In my past life, when I disliked clothes that drew attention to me, I rarely wore anything short. (Not that this isn't the case now.
The drawing attention not the short.) Blessed with legs that were long and shapely even in my heavier days, I could make most anything look short. For that and many other reasons, it wasn't until after college that I bought my first real miniskirt. My first minidress didn't enter my closet until sometime in the middle of my tenure in New York. But even after buying them, they stayed hidden away. Not because I had forgotten them but because I feared them.

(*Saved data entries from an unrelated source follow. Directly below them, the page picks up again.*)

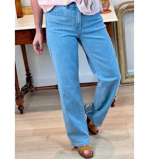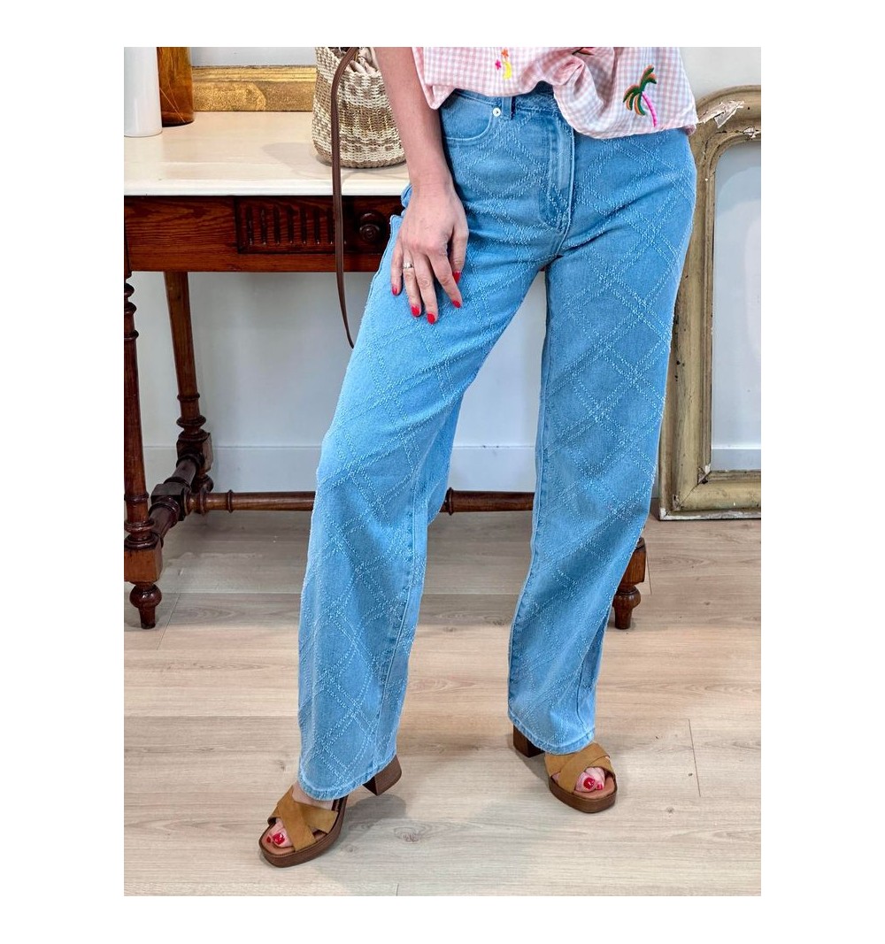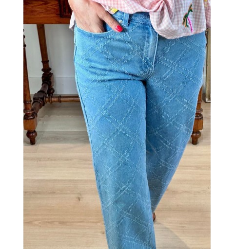 Un denim à l'esprit très couture avec son damier gratté en relief. Taille haute, forme droite.
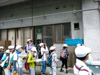自然観察の時間です。いつもお世話になっている先生に今回も教えていただきました。初めはツバメの観察です。ツバメの巣のなかに、可愛いヒナが3羽いました。双眼鏡を使って観察しました。
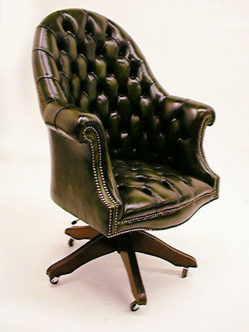 Chefsessel, EKL , Leder grün, halbrunde Lehne, kapituniert, auf Drehgestell
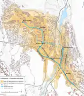 Rykkinn is a neighborhood in the vicinity of Kolsås, an area with about 7,500 residents. Extension of the Kolsås Line to Rykkinn, possibly with a further extension to Bærums Verk, has been proposed. Several routes to Rykkinn have been proposed along various trajectories, normally with three stations. Some of these include routes in a tunnel. A light rail report was issued in 2004.[16] Political indications state that the line will be prioritized after the Fornebu Line and the extension of the Furuset Line to Akershus University Hospital and that the extension would probably not be carried out until after 2025.[17] Ruter stated the extensions, estimated to cost about 1 billion kroner, in its 2010 long-term statement.[18]
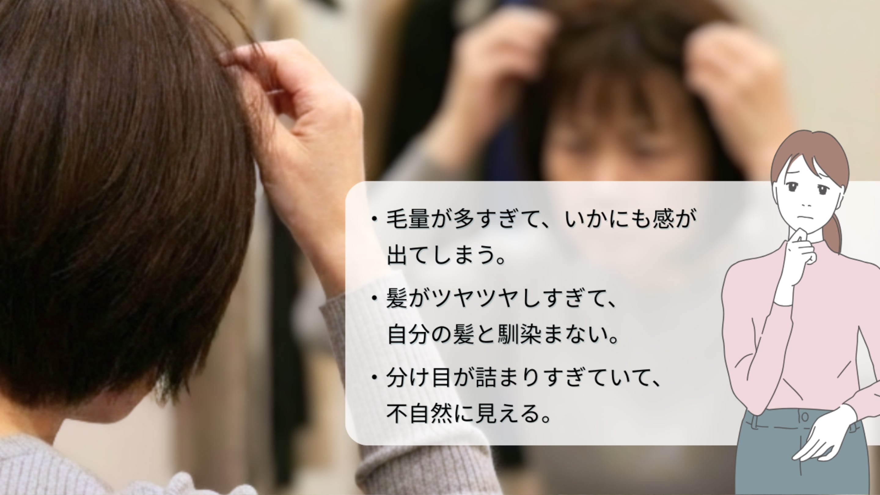 ウィッグの多くは、誰にでも合うように毛量が多く作られています。そのため、大人女性には合わせづらく「ウィッグ感」が出てしまうのです。

I know that sounds melodramatic. Why would I ever fear a piece of clothing? Much less something that took up so little space. But I did. For whatever silly, timid, little girl reason, I did. When they did depart my closet, I would spend most of the evening fidgeting. Pulling at the hem. Standing in corners. Avoiding glances.
When I stop and think about it, my issue with The Short can be traced to my past discomfort with The Sexy.
Or at least the overtly so. In the past, sexy meant many things to me, and none of them were particularly good. Smart. Pretty. Funny. These were all positive adjectives in my world. Not necessarily words that I always associated with myself but words I understood.
Things changed quickly in the summer of 2008 when, spurred on by
my internship, I decided that I needed to learn how to wear them. I had been slowly ridding my closet of things I never planned on wearing again. Things that were too small or too large or simply not me anymore. But as the skirts few outings into the greater world had less to do with them and more to do with
my various neuroses, they did not find their way into the discard pile. I was set on making them a part of my life. That September I wore
a blue and white patterned mini to
a fashion show with sweet mary janes, a black tank and
The Cardigan. In some ways, that was the beginning of the end.
That Halloween,
while lazily dressed as a devil, I paired my black minidress with red tights. When February arrived,
I ran through the East Village in the patterned skirt and mary janes paired with a white sweater, gray tights and a black, cotton motorcycle jacket. As that Fashion Week progressed, two minidresses joined the fray complemented by black leggings and my equestrian style boots.
Moving home and feeling particularly feisty when it came to dressing, the skirt collection increased threefold. A-line. Corduroy. Military Green. Plaid. Tights in every color from green to black to pink to silver were found on my legs. Ballet flats and equestrian boots and
heeled oxfords and
wedges sat on my feet. Before New Year's Eve, I pranced around the house in the black minidress I had purchased for that evening. I stopped pulling and tugging and playing around.
The answer, in the end, was to find a way to make them all mine somehow.
Be that preppy or girly or boyish or sexy.